Art was an endless font of material:

  • The coming of the Methias. (Messiah.)
  • Martin Lutheran King.
  • I throb on work.
  • You gotta be serious!
  • He called his new cordless mouse a “mouseless cord” for a month until Bonnie had had enough and corrected him.
  • Condrums. (Condoms.)
  • Deglect. (Neglect.)
  • You hit it on the nutshell. (I guess that means something, I’m not sure what, though.)

And these, my personal favorites, that veer into the realm of sheer brilliance:

  • I’m getting all emulsional.
  • I detest there’s a conspiracy here.

And the ultimate … the tour de force … the masterwork:  

Obstacle Delusion.

Art and I drifted apart long ago, like workers and bosses always do—but I loved the guy. We got along well, me and Art. I thought about Googling him as I wrote this, but thought better of it. I’m not typically a let’s-Google-somebody type of guy, and I think the David Beedle-Art Jeinnings relationship is one that should remain firmly rooted in the past.

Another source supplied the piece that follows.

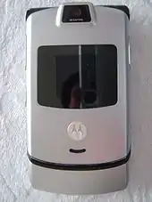 The Motorola Razr (styled RAZR, pronounced /ˈreɪzər/ like "razor"; codenamed Siliqua[1]) is a discontinued series of flip phones that is part of the 4LTR line and was manufactured by Motorola Mobility (previously Motorola) until 2007, in favor of the Motorola Razr2. The V3 was the first phone shown in the series and was introduced in December 2003[2] and released in the market in the third quarter of 2004.[3] The V3 model was followed soon thereafter by the improved V3i, including a collaboration with Apple Inc. for iTunes to be built-in. It was launched in 2006.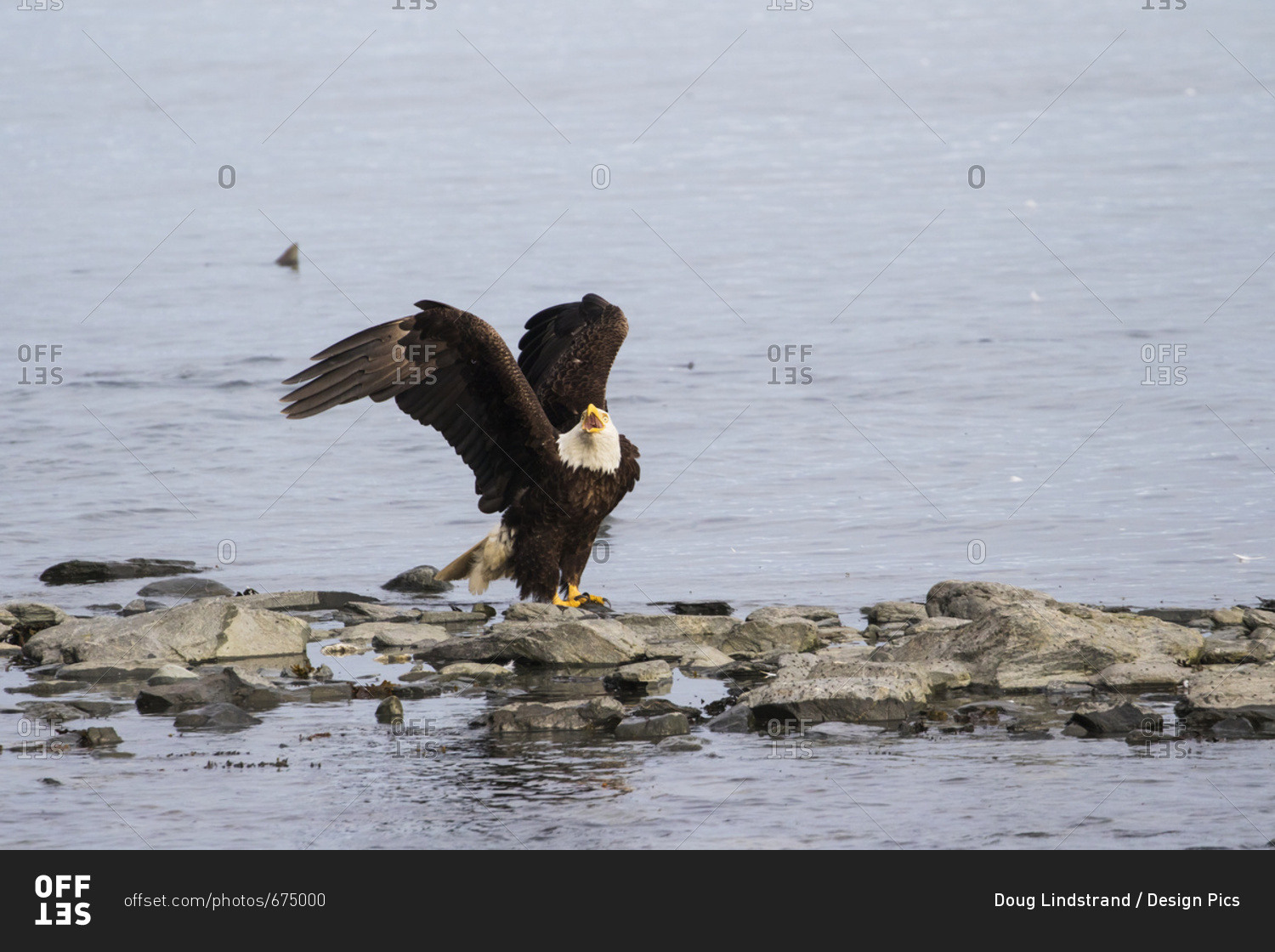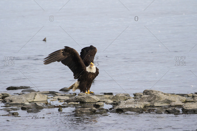 Alaska, United States of America - July 12, 2016: A Mature Bald Eagle (Haliaeetus Leucocephalus) Sits On Shoreline And Fends Off Other Eagle While Fishing For Salmon At The Fish Hatchery, Allison Point, Outside Of Valdez; Alaska, United States Of America

But I am forever grateful that for the years Art and I worked together, I would lunge for a notepad whenever he uttered another one of his timeless gems. I had to do it. I had to write it down, and slip that scrap of paper into my shirt pocket, and bring it home to be filed away in the Articulations folder.

Otherwise I would have forgotten. I’m not always good at rememberizing either.

8 Comments

Click here to post a comment

  • Loved this I laughed out loud at least 4 times / sadly to say I have some of his same problems with language but thankfully my family usually understands or interprets 😉

  • This is the best yet!
    Phenomenality . If you went ahead back any further ??? It would be like you almost just left.
    Fantastic Writing DB.

  • David, I remember you bringing these gems up many times. I was always reminded of the late comedian Norm Crosby and his “command” of the English language. Unfortunately we live in a world that does not fully appreciate a person who is not solidly average. But it is these characters, those people who are slightly off center in some way, that make the world a vibrant and dynamic place.

    I think of Art, and of you talking about Art, each time I hear a malapropism (hey Laura look that one up!). Art was somehow related to Terry Yeager, yes I am sure, since Terry was a huge fan of the guitarist Eric Clampton.

    We need more people like Art in our lives. We live in an ultra-focused world were perfection is touted as the only route. This type of life lived is stifling and claustrophobic. I would never trade these unique people for a perfect world.

    So here’s to Art Jennings, a man who has instilled in us the virtue that “when opportunity knocks you gotta pick up the phone”.

  • I loved those tiny pieces of paper filled with the verbal stylings of Art. His aim was true (even if his words might have missed the mark). Your story was a throwback to a simpler time. Art’s Christmas party and the vime lodka was a night to remember. Thank you for making me laugh, smile and feel young again!

  • Fantastic presentation David. I greatly enjoyed it and appreciate the fact that you had the presence of mind to write Art’s sayings down when uttered and then recount them for us these many years later.